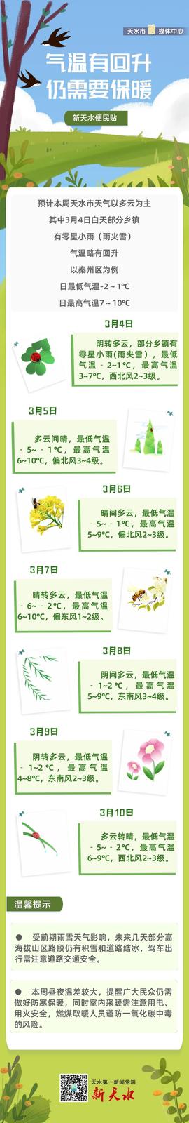 【新天水便民贴】气温有回升 仍需要保暖
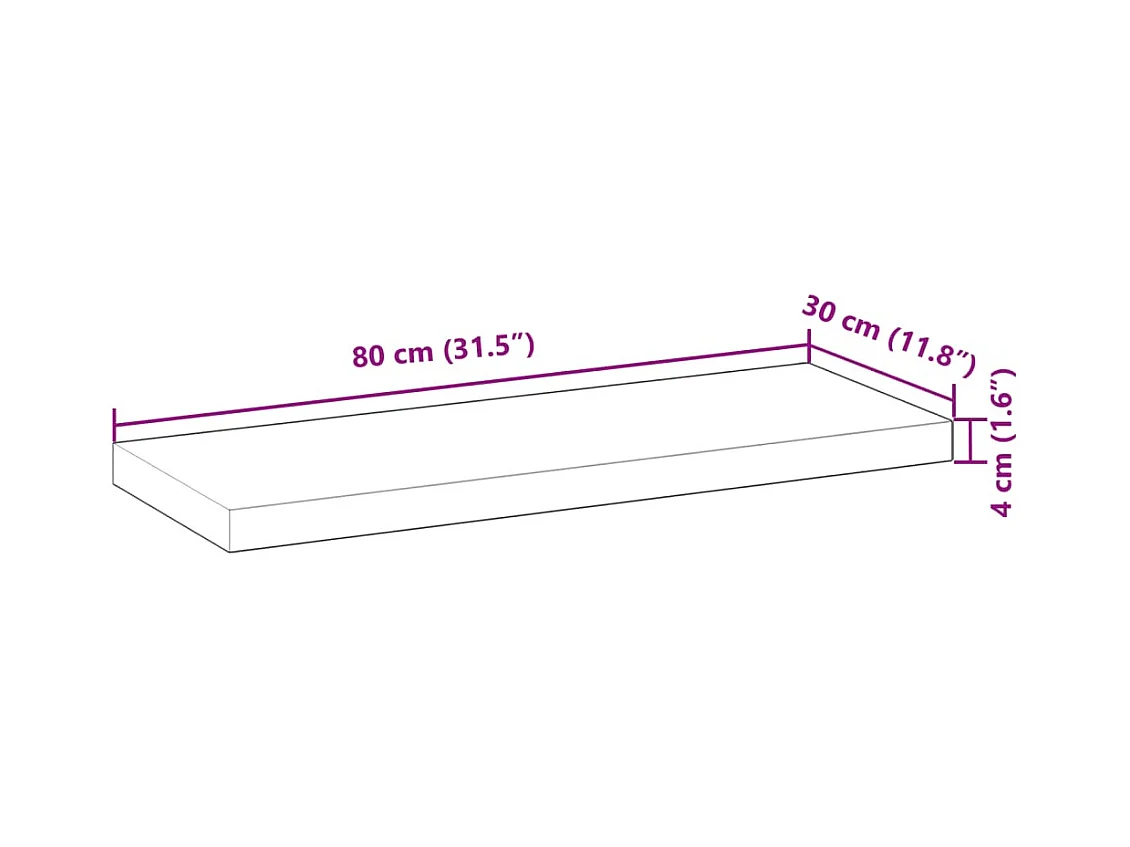 Prateleira flutuante 80x30x4 cm acácia maciça acabamento a óleo
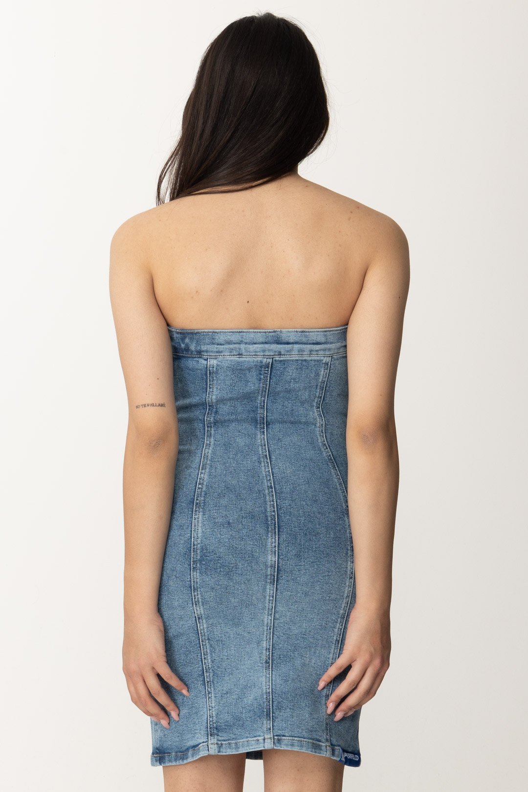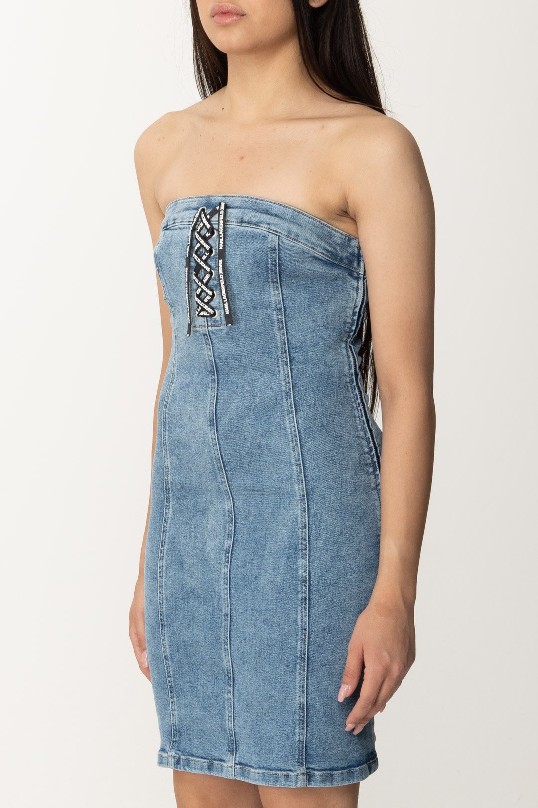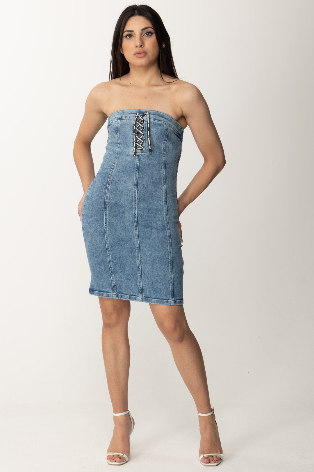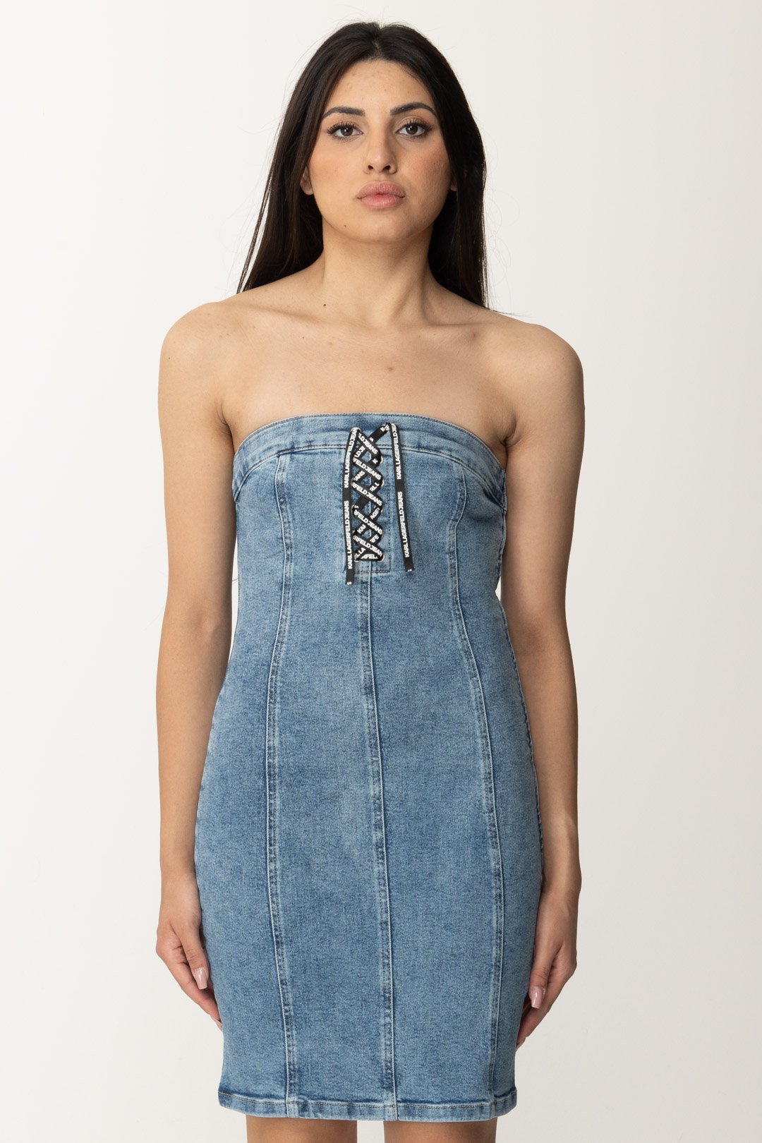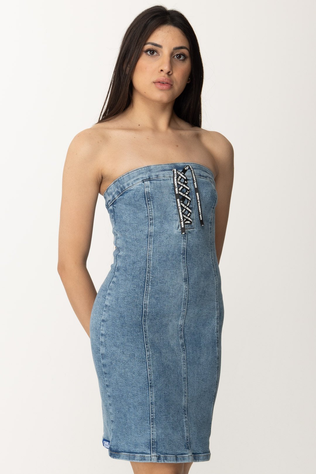 Il mini abito Karl Lagerfeld in denim è un classico rivisitato in chiave contemporanea. La silhouette aderente e il design senza spalline esaltano la femminilità, mentre i lacci a contrasto logati sul davanti aggiungono un tocco sportivo-chic. Un capo versatile e di tendenza per look casual o più audaci.
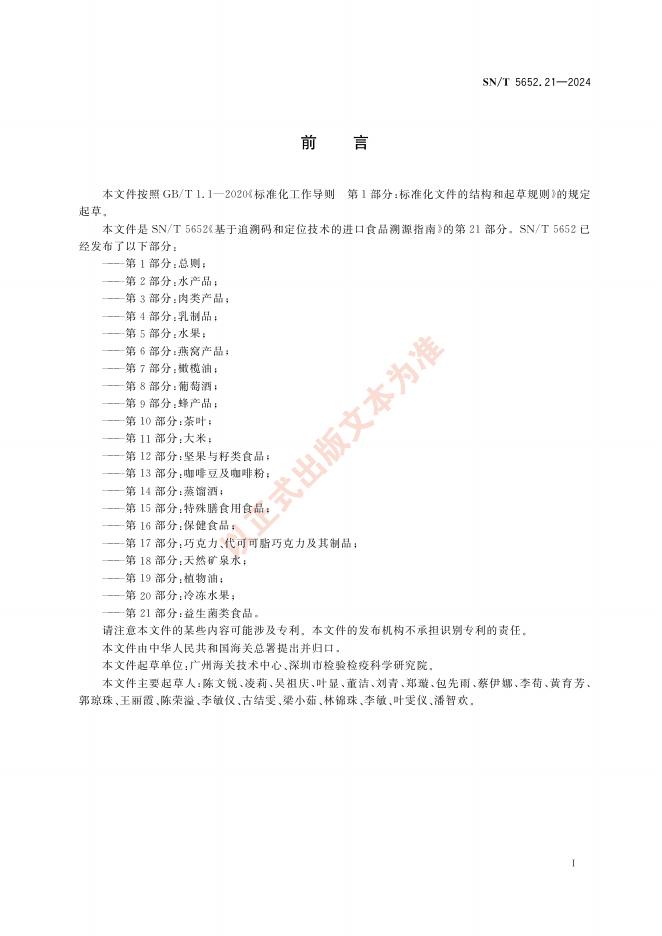 SN/T 5652.21-2024 基于追溯码和定位技术的进口食品溯源指南 第21部分:益生菌类食品
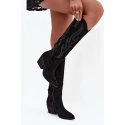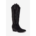 Dámské kozačky z ekokože, osazené na sloupcovém podpatku, jsou stylovým návrhem na chladnější dny. Svršek sahá až po kolena, co jim dodává klasický vzhled, a ozdoby jim dodávají jedinečný charakter. Špičaté špičky opticky zjemňují nohy, a model se zavíraním na zip na spodní části boty zajistí pohodlí a snadné obouvání. Skvěle se hodí k elegantním i volným stylizacím, ideální na zimní výlety.
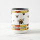 Bees in flight with honeycomb stripes at the top and at the bottom of this customizable coffee mug. Great as a gift for beekeepers and nature lovers, Add the name and the beverage on this cute bee styled mug.
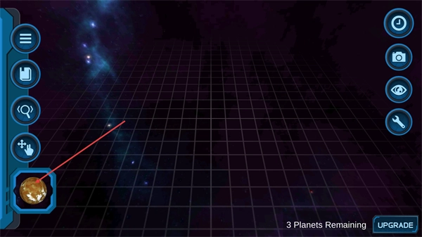 2、在网格界面点击左侧的天体,将其放置到网格区域内,为后续的天体碰撞合成相关操作做好准备。
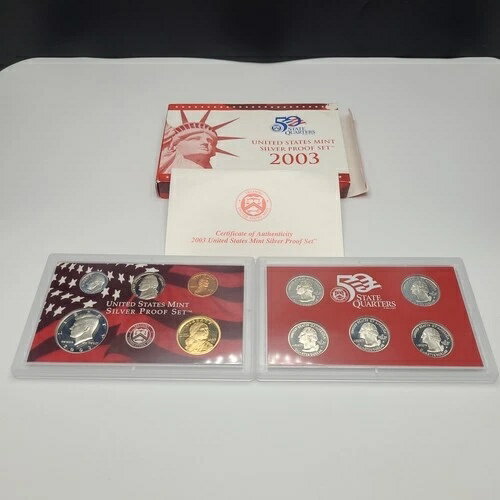 2003年米国造幣局発行のシルバープルーフセット(箱とCOA付き、10枚セット(2枚))
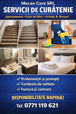 Oferim servicii complete de curățenie pentru persoane fizice și juridice în Brașov și împrejurimi. Lucrăm organizat, punctual și cu atenție la detalii, astfel încât spațiul tău să fie mereu curat și îngrijit. Ce servicii oferim: Curățenie apartamente case Curățenie după constructor ...
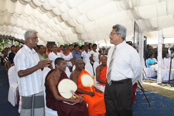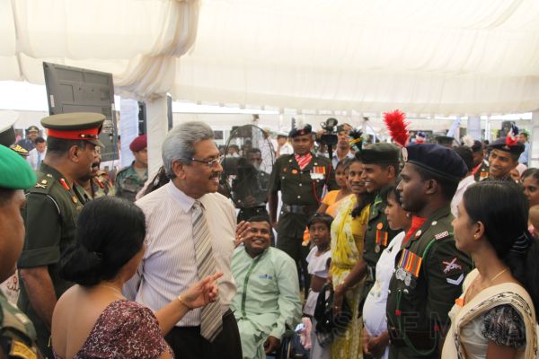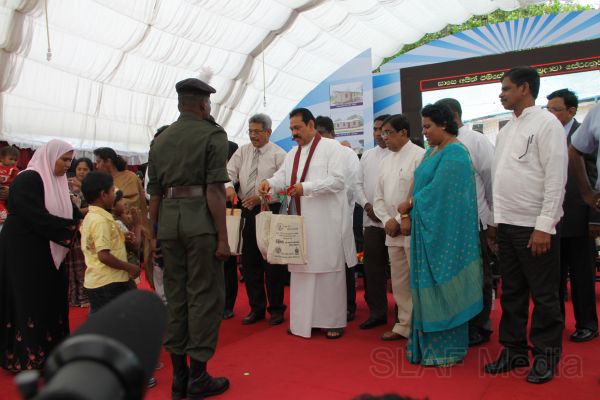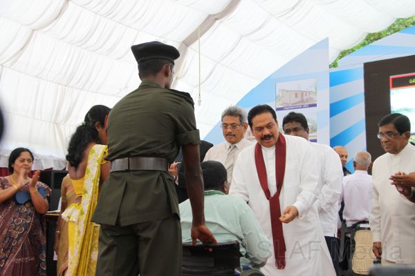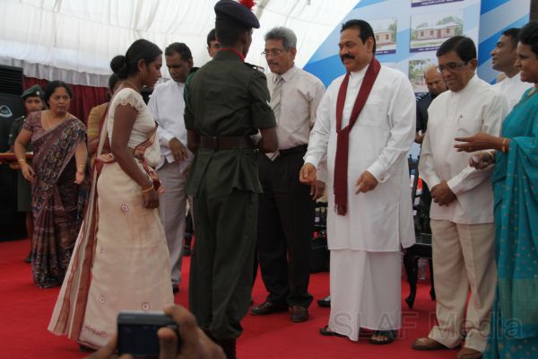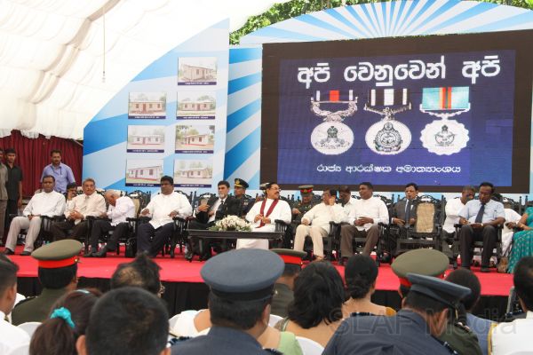 HE the President Mahinda Rajapaksa handed over 14 houses built in Ampara, Batticaloa and Trincomalee, under the 6th stage of the “Api Wenuwen Api housing project for war heroes” yesterday (19th October 2011) at the Divulana Maha Vidyalaya, Piyangala, Ampara. The housing project is being conducted under the guidance and close supervision of the Defence Secretary Gotabaya Rajapaksa and Chairperson of the Defence Ministry's Seva Vanitha Unit, Mrs. Ioma Rajapaksa.

- - - - - - -

■ **WORK INSTRUCTIONS**: Please reproduce the listing exactly from its opening line through the line that contains "Prateleira flutuante 80x30x4", both included, with all pictures omitted.

■ **ANSWER FOR THE TASK**:
 【新天水便民贴】气温有回升 仍需要保暖
 Prateleira flutuante 80x30x4 cm acácia maciça acabamento a óleo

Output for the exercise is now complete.